__THE TASK__
Each entry should be set down exactly as written, except for any picture it holds.

DATA RECORDS Start Marker

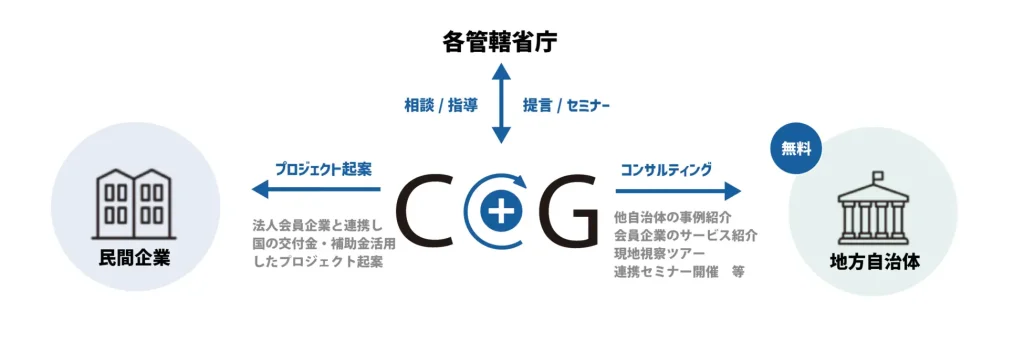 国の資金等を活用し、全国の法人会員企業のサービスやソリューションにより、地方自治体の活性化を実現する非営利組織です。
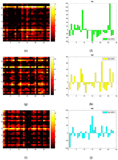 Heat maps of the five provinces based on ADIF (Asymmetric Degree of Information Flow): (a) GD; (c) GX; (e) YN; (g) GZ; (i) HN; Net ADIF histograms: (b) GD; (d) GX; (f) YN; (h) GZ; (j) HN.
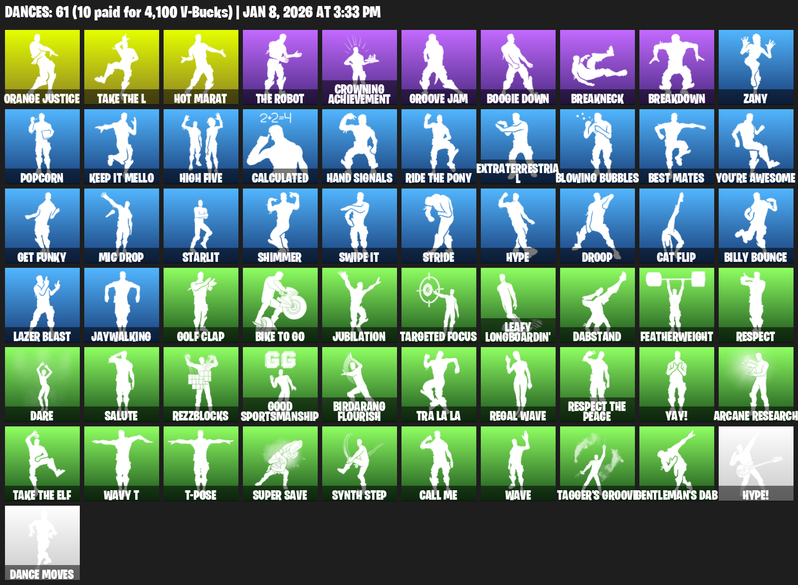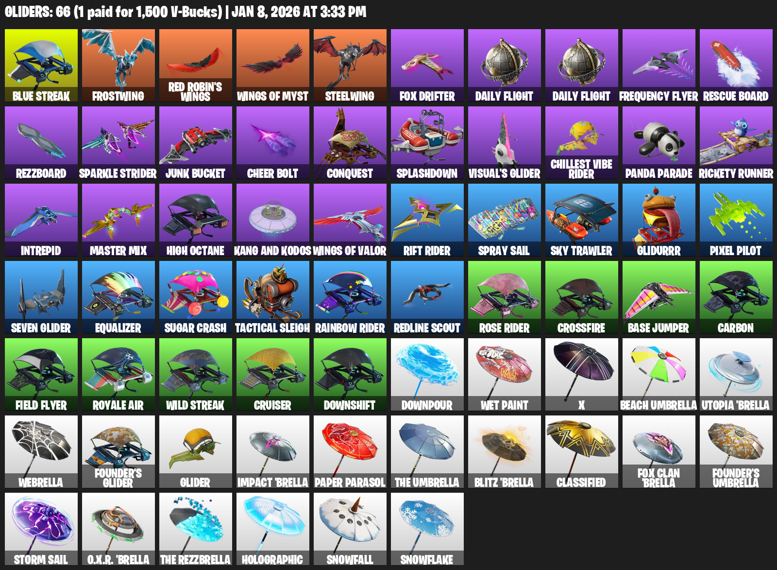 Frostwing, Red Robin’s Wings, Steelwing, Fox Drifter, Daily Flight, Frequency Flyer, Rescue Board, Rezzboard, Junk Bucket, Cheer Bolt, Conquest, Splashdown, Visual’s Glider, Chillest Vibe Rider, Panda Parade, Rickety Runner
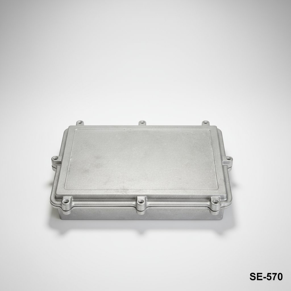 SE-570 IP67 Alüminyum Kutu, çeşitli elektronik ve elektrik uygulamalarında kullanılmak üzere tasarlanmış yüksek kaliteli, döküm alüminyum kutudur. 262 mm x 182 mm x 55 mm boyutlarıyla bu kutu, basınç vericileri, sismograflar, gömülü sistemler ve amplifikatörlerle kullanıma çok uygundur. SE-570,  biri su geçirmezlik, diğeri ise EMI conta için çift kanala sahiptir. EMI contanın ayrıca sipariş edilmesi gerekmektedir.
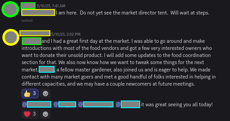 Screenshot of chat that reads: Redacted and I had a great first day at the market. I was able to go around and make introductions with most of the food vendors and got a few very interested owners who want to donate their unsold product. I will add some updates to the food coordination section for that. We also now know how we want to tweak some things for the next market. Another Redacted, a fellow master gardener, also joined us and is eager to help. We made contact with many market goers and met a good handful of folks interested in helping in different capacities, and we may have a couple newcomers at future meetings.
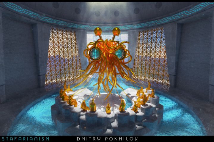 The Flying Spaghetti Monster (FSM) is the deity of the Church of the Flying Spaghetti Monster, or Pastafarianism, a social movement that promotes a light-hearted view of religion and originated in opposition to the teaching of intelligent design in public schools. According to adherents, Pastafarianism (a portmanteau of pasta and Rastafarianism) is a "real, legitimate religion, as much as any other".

DATA RECORDS End Marker

__WRITTEN ANSWER__
 国の資金等を活用し、全国の法人会員企業のサービスやソリューションにより、地方自治体の活性化を実現する非営利組織です。
 Heat maps of the five provinces based on ADIF (Asymmetric Degree of Information Flow): (a) GD; (c) GX; (e) YN; (g) GZ; (i) HN; Net ADIF histograms: (b) GD; (d) GX; (f) YN; (h) GZ; (j) HN.
 Frostwing, Red Robin’s Wings, Steelwing, Fox Drifter, Daily Flight, Frequency Flyer, Rescue Board, Rezzboard, Junk Bucket, Cheer Bolt, Conquest, Splashdown, Visual’s Glider, Chillest Vibe Rider, Panda Parade, Rickety Runner
 SE-570 IP67 Alüminyum Kutu, çeşitli elektronik ve elektrik uygulamalarında kullanılmak üzere tasarlanmış yüksek kaliteli, döküm alüminyum kutudur. 262 mm x 182 mm x 55 mm boyutlarıyla bu kutu, basınç vericileri, sismograflar, gömülü sistemler ve amplifikatörlerle kullanıma çok uygundur. SE-570,  biri su geçirmezlik, diğeri ise EMI conta için çift kanala sahiptir. EMI contanın ayrıca sipariş edilmesi gerekmektedir.
 Screenshot of chat that reads: Redacted and I had a great first day at the market. I was able to go around and make introductions with most of the food vendors and got a few very interested owners who want to donate their unsold product. I will add some updates to the food coordination section for that. We also now know how we want to tweak some things for the next market. Another Redacted, a fellow master gardener, also joined us and is eager to help. We made contact with many market goers and met a good handful of folks interested in helping in different capacities, and we may have a couple newcomers at future meetings.
 The Flying Spaghetti Monster (FSM) is the deity of the Church of the Flying Spaghetti Monster, or Pastafarianism, a social movement that promotes a light-hearted view of religion and originated in opposition to the teaching of intelligent design in public schools. According to adherents, Pastafarianism (a portmanteau of pasta and Rastafarianism) is a "real, legitimate religion, as much as any other".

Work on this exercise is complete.